TASK.
Take the line with "面对花甲老人,队员们充满热情" as the first and the last line of the data as the end. Write out both and every line between exactly, except pictures.

RECORDED INFORMATION.

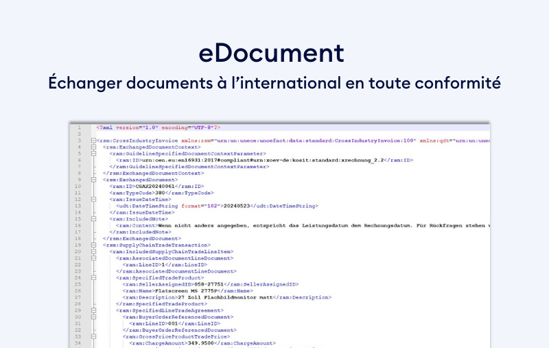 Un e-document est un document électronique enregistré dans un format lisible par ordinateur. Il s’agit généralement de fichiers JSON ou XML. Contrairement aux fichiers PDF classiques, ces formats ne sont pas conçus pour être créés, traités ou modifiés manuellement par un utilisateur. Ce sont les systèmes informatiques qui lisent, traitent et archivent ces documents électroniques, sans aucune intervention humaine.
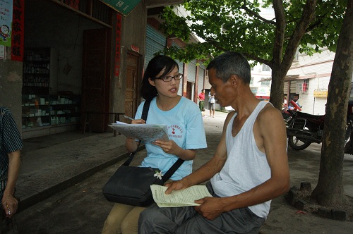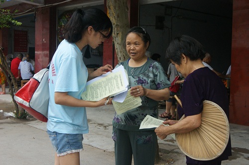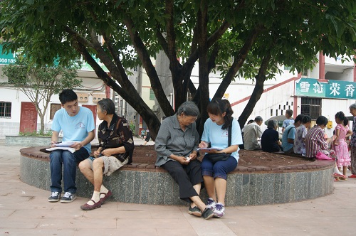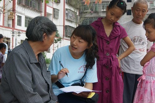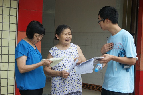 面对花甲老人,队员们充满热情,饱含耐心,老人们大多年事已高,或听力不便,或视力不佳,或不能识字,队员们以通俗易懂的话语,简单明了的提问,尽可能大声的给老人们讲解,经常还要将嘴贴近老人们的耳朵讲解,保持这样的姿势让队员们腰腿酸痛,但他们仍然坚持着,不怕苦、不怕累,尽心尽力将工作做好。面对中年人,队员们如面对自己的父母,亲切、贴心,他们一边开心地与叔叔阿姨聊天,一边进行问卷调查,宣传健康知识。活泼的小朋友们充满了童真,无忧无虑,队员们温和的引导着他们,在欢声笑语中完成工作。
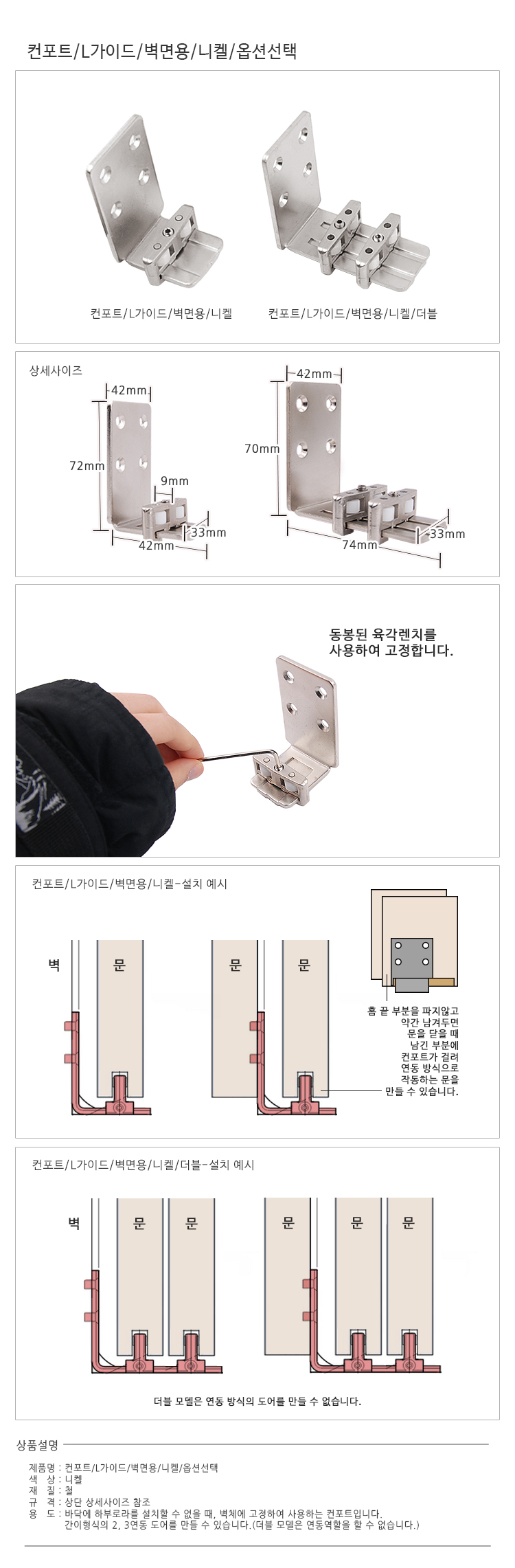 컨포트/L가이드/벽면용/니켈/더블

RESPONSE FOR THIS EXERCISE.
 面对花甲老人,队员们充满热情,饱含耐心,老人们大多年事已高,或听力不便,或视力不佳,或不能识字,队员们以通俗易懂的话语,简单明了的提问,尽可能大声的给老人们讲解,经常还要将嘴贴近老人们的耳朵讲解,保持这样的姿势让队员们腰腿酸痛,但他们仍然坚持着,不怕苦、不怕累,尽心尽力将工作做好。面对中年人,队员们如面对自己的父母,亲切、贴心,他们一边开心地与叔叔阿姨聊天,一边进行问卷调查,宣传健康知识。活泼的小朋友们充满了童真,无忧无虑,队员们温和的引导着他们,在欢声笑语中完成工作。
 컨포트/L가이드/벽면용/니켈/더블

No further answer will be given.